Safe, accessible and comprehensive data is critical to getting our economy going again. Synthesization of data allows for broad sharing of the inputs businesses and municipalities need to make decisions, all with much reduced levels of concern by healthcare professionals, government officials, business owners, compliance officers and PR staff about the risks of personally identifiable information (PII) being misused or stolen.
Beyond COVID, How Can Synthetic Data Help Us in Financial Services?
Imagine how useful a synthetic data set would be as a product manager or business owner. With easily accessible, rapidly updatable and statistically valid synthetic data, a product manager could be much more proactive in responding to customer issues, predicting future product trends, or generating ideas for new product features based on deeper analysis of product usage and customer feedback. All of this with much reduced levels of concern by business owners, compliance officers and PR staff about the risks of personally identifiable information (PII) being misused or stolen.
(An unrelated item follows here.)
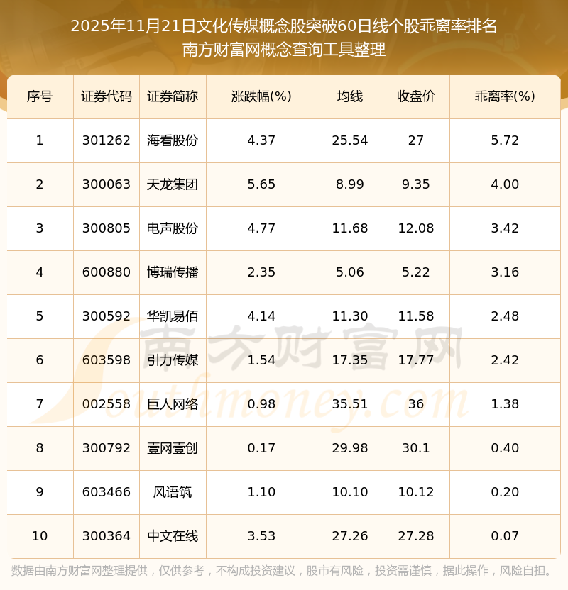 根據(jù)南方財(cái)富網(wǎng)概念查詢工具數(shù)據(jù)統(tǒng)計(jì),截止2025年11月21日收盤,文化傳媒概念股共有10只個(gè)股收盤價(jià)向上突破了60日線。其中乖離率較大的個(gè)股有?垂煞荨⑻忑埣瘓F(tuán)、電聲股份等,乖離率分別為5.72%、4.00%、3.42%。

Synthetic data can also be used to accurately train machine learning models and neural networks, critical for such areas as fraud detection and management systems, which need mountains of reliable data for testing and strengthening.
Start thinking about how you can safely unlock your data to support your own internal business planning, as well as your customers and potentially others in the ecosystem who may be able to use that data to more effectively support the government and private sector in bringing us out of this crisis and back toward improving employment levels, business performance and consumer confidence. Synthetic data is a powerful tool long leveraged by scientists in their research; now is the time for those of us in the business and financial communities to add it to our tool sets as well.